Груз, доставленный в Ленинск, перевозили оттуда на грузовиках и лошадях к западному берегу Волги, а затем через реку на разнообразных плавсредствах доставляли в Сталинград. Зачастую поезда шли один за другим буквально нескончаемым потоком.
Строительство секретной железной дороги, несомненно, обнаруживает положительные аспекты сталинского правления: его умение мобилизовать экономику, его дальновидность и его знаменательное внимание к деталям. Ветераны убеждены, что, оставаясь в столице, Сталин вполне контролировал ход битвы. Из этого логично заключить, что попытки принизить его роль в происходящем нелепы. Тем не менее данный вопрос весьма сложен и вызывает эмоциональные дискуссии, как и все сталинское наследие. Высказывая разные точки зрения, исследователи подвержены влиянию той или иной политической идеологии, и тем сложнее увидеть истинную картину.
Так или иначе, Сталинград был городом Сталина в полном смысле этого слова. Вождь способствовал его индустриализации и восстановлению и понимал лучше, чем кто-либо другой, его экономическое и политическое значение, а также возможные последствия его перехода в руки врага.
Стремительное немецкое продвижение в глубь России и Украины летом 1942 года привело в напряжение советскую экономику. Многие заводы были эвакуированы за Урал, однако они не могли на новом месте сразу начать производить продукцию в прежних объемах. Ужасная нехватка ощущалась буквально во всем. Это резко снижало возможности и волю к сопротивлению у русских во время их отступления к Сталинграду. Однако к моменту начала боев в городе советская экономика была уже полностью мобилизована, и картина начала меняться.
Говоря об этом, Фортов отмечает: «Сталин отдал приказ построить секретную железную дорогу, и то, ради чего она строилась, значило для нас чрезвычайно много. Мы отстаивали свою тяжело давшуюся победу в индустриализации страны, которую немцы хотели отнять у нас. Мы все знали, что это был вопрос жизни и смерти: если бы немцы смогли захватить Баку и наши нефтяные месторождения, последствия оказались бы катастрофическими. Я был лейтенантом и в силу этого оставался весьма далек от большой политики, но, будучи патриотом, я не мог смотреть без боли на то, сколько земли и ресурсов мы оставляем немцам. Нужно было прекратить отступать, и Сталинград представлялся как раз тем местом, где следовало переломить ход войны. Но только построив железную дорогу, Сталин сделал такой перелом возможным».

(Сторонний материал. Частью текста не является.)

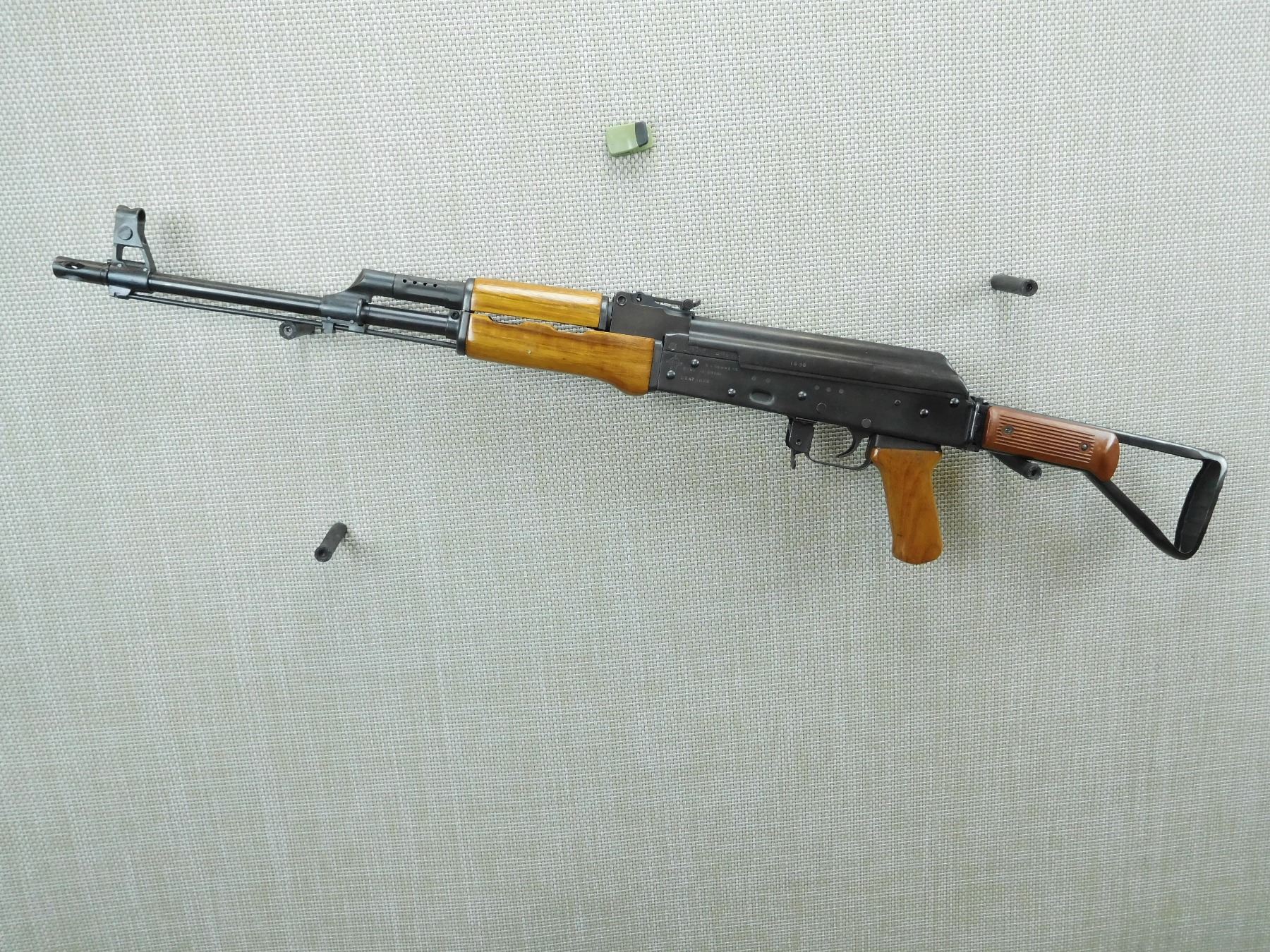 NO MAGAZINE, COMES WITH BOX, CANVAS SLING AND INSTRUCTION MANUAL, REQUIRES 12.5 PROHIBITED STATUS TO PURCHASE, BIRD CAGE FLASH HIDER, HOODED FRONT SIGHT AND FULLY ADJUSTABLE APERTURE REAR SIGHT, GREEN SYNTHETIC FURNITURE, SLING SWIVELS, SHOWS SOME HANDLING MARKS, BORE IS GOOD, MADE IN FACTORY 66 IN CHINA , RAISED HOODED FRONT AND FULLY ADJUSTABLE REAR SIGHT, FOLDING BUTT STOCK, FULL PISTOL GRIP, DARK BORE,ORIGINAL CLEANING ROD, STAMPED RECEIVER, SLING SWIVEL LOOPS, SHOWS SOME HANDLING MARKS , SERIAL # 411606 , ACTION: SEMI AUTOMATIC RIFLE , BARREL LENGTH: 18 1/2" , CONDITION: 8/10 , STOCK # P2029 , CLASS: CANADIAN PROHIBITED CLASS

Анатолий Козлов развивает эту мысль: «Сталин сделал много ошибок, но он обладал истинным даром предвидения. Возводить укрепления вокруг Сталинграда он начал еще в декабре 1941-го. Я диву даюсь: неужели еще тогда вождь предвидел, что именно это место может стать полем решающей битвы с фашизмом».
Летом 1942-го Сталин бросил все силы, чтобы сдержать немецкий натиск. После поражения его армии под Харьковом, когда около четверти миллиона русских войск были окружены и разбиты врагом, он сделал серьезные перестановки в руководстве Южного фронта: Тимошенко был заменен Горловым, а когда немцы достигли Донского бассейна, был назначен новый командующий – Еременко.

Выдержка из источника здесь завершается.